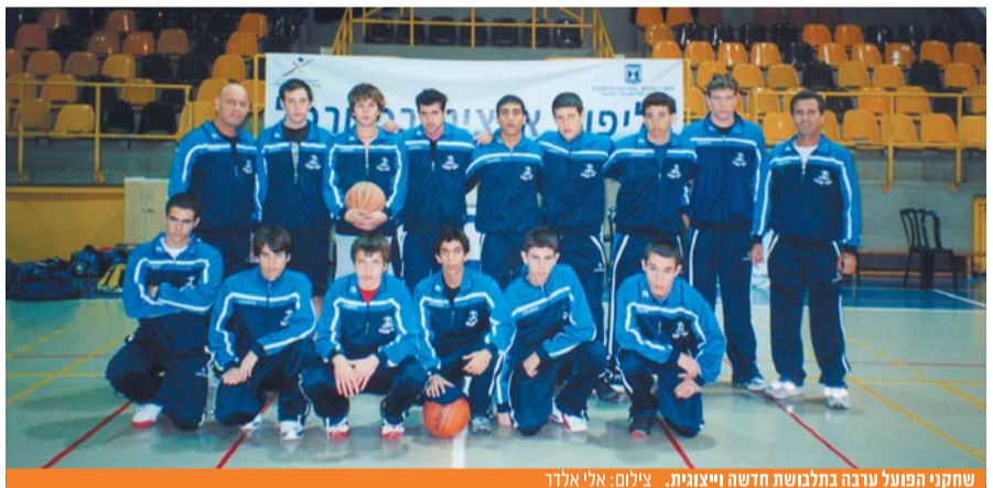
שחקני הפועל ערבה בתלבושת חדשה וייצוגית.

למרות העיכובים, הברכות ומשחק מצוין הפסידה קבוצת "הפועל" ערבה בשני המשחקים בגמר. המשחק נגד רמת השרון הוכרע רק בשניות הסיום כשהערבה שומטת את היתרון בו החזיקה לאורך כל המשחק. התוצאה בסיום: 64-62 לרמת השרון.
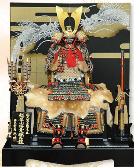
5 黒一枚張革小札小桜絨

最高級総革製 工房特別価格 税込580,000円 (間口1105×奥行69×高さ133cm)
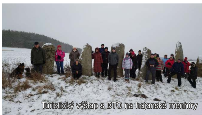
Turistický výšlap s BTO na hajanské menhiry
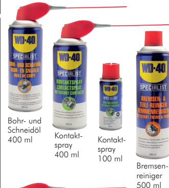
Bohr- und Schneidöl 400 ml
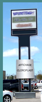
« Coroplast » sur poteau (NON-CONFORME)
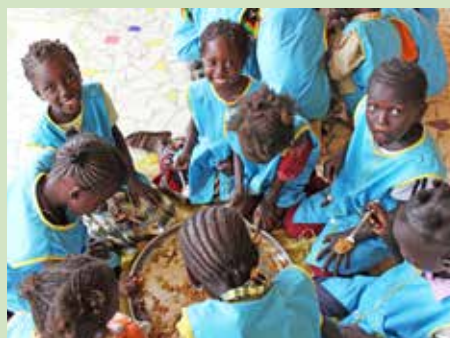
Etensijd voor de kindjes van Les Cajoutiers
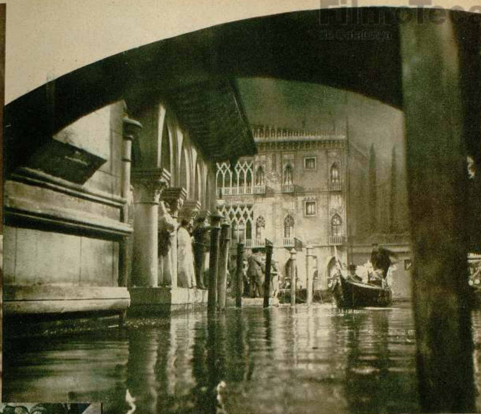
Varias escenas de la película Ufa «Barcarola» de cuya versión francesa son protagonistas Edwige Feuillère y Pierre Richard-Willm.
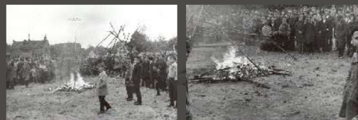
Incydent milenijny w Gdańsku, 29 maja 1966 r.

Jest nieprawdą i raz jeszcze okazało się to nieprawdą w Gdańsku, że dzisiaj młodzież charakteryzuje bierność w stosunku do zjawisk życia społecznego i politycznego. Właściwą tej młodzieży jest jedynie apatia w stosunku do narzuconych z góry akcji i poglądów. Tam, gdzie wchodzi w grę obrona własnych przekonań, albo czyjaś krzywda, albo pilny interes narodu, hamulce pękają. Chodzi o zasadę wolności i sprawiedliwości jednostkowej i społecznej.
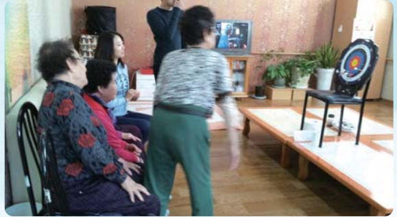
레크리에이션 - 다트놀이
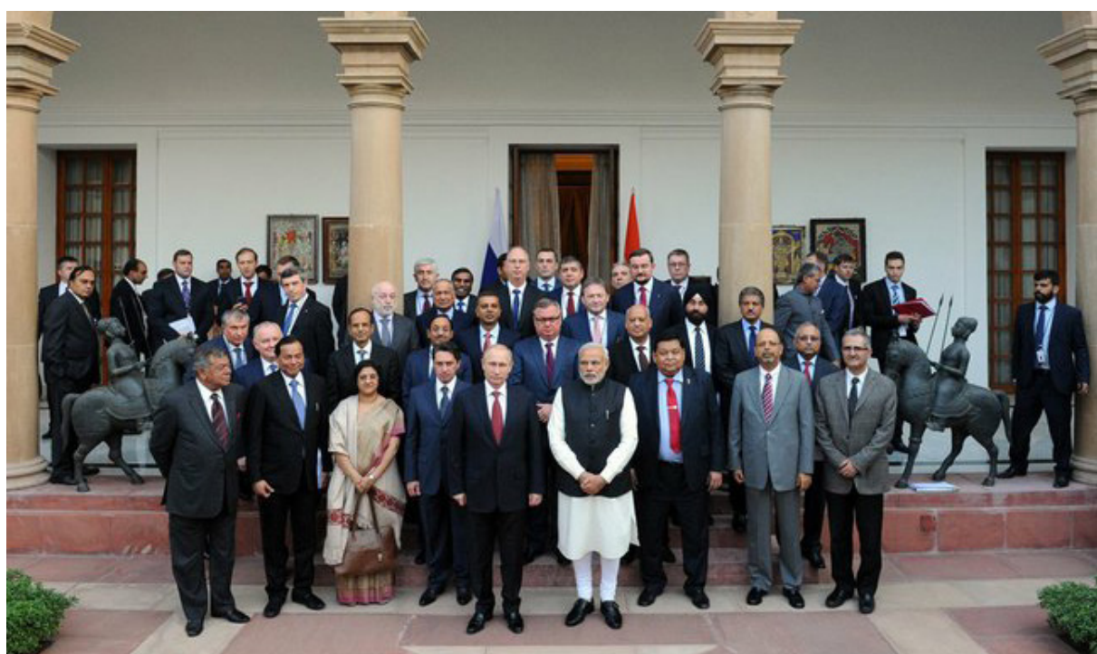
Руководители предприятий Индии и России с Премьер-министром Моди и Президентом Путиным

35. Переговоры двух лидеров и принятые ими решения, а также подробные договоренности в рамках двустороннего диалога позволяют им с уверенностью заявить о том, что объективные политические, экономические, культурные, а также относящиеся к сфере безопасности факторы выведут российско-индийское партнерство на уровень, отвечающий чаяниям их народов. Отношения между Россией и Индией прошли испытание временем и продолжают носить характер дружбы, в основе которой лежит полное доверие, что принесет счастье и процветание народам обеих стран.
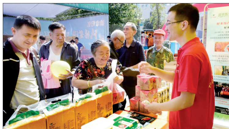
市民在周王城广场踊跃购买好来历产品

核心提示:近来,由于好来历月饼全城热销,可能您的订单我们无法及时派送。感谢您的谅解,并请您与我们随时保持联系。
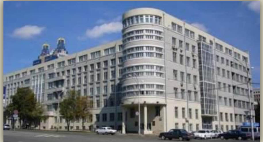
Администрации Новосибирской обл.
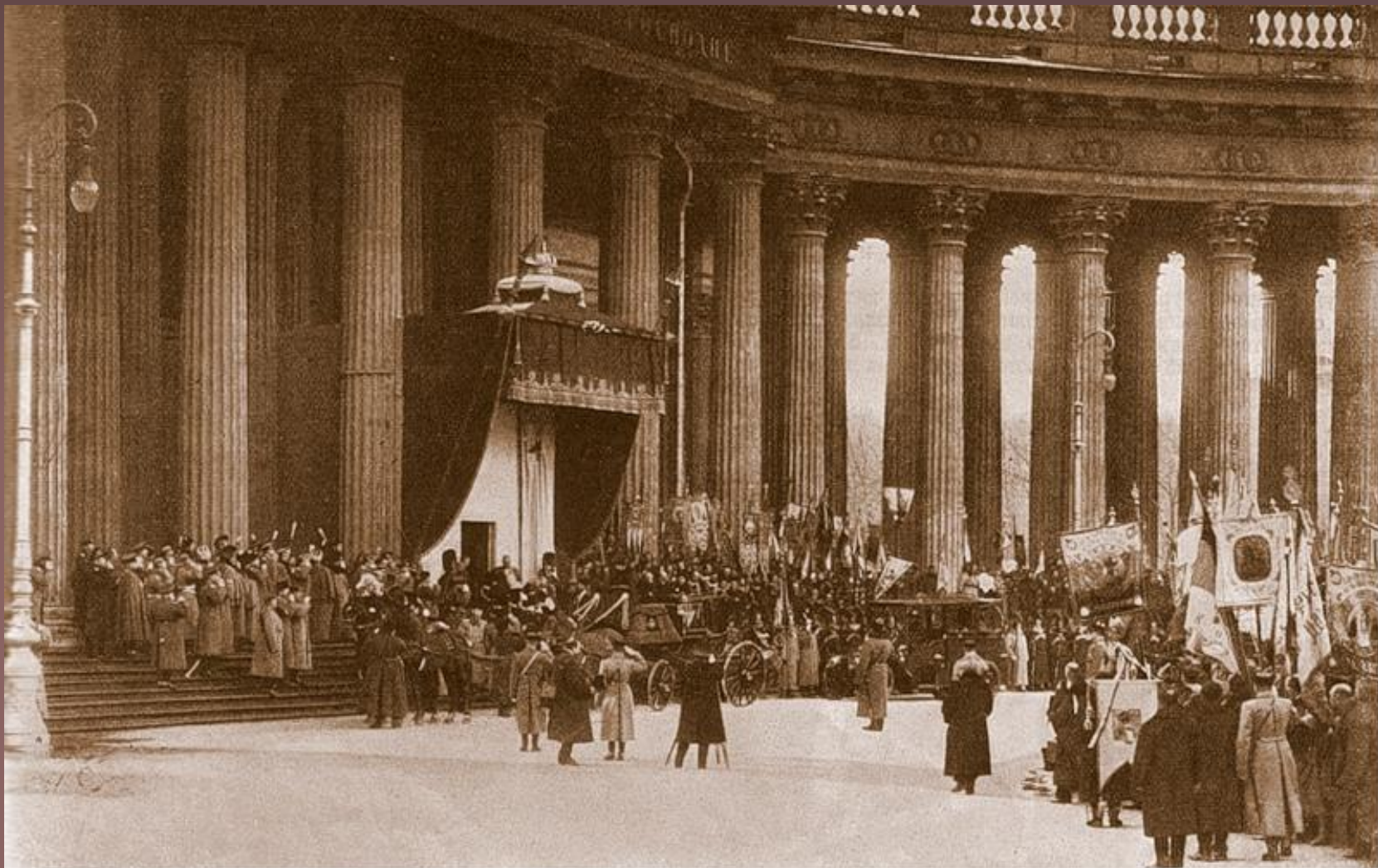
Отбытіе Ихъ Императорскихъ Величествъ изъ Казанскаго собора послѣ торжественнаго богослуженія.
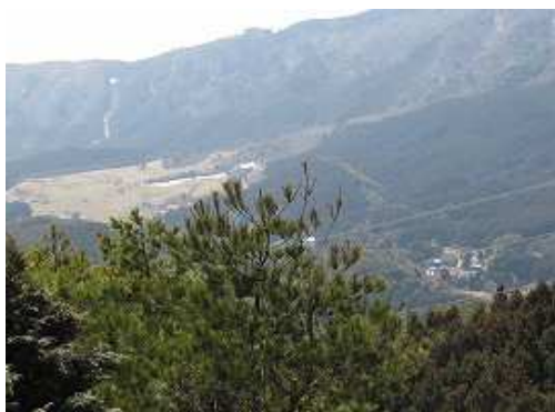
南方面に脊振少年自然の家と板屋の集落を望む。
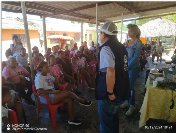
Consulta Previa en Maria La Baja, Corregimiento el Nispero.

....

Among the lines above, find those with the string "הפועל" and copy them.

- **EXERCISE SOLUTION**
שחקני הפועל ערבה בתלבושת חדשה וייצוגית.
למרות העיכובים, הברכות ומשחק מצוין הפסידה קבוצת "הפועל" ערבה בשני המשחקים בגמר. המשחק נגד רמת השרון הוכרע רק בשניות הסיום כשהערבה שומטת את היתרון בו החזיקה לאורך כל המשחק. התוצאה בסיום: 64-62 לרמת השרון.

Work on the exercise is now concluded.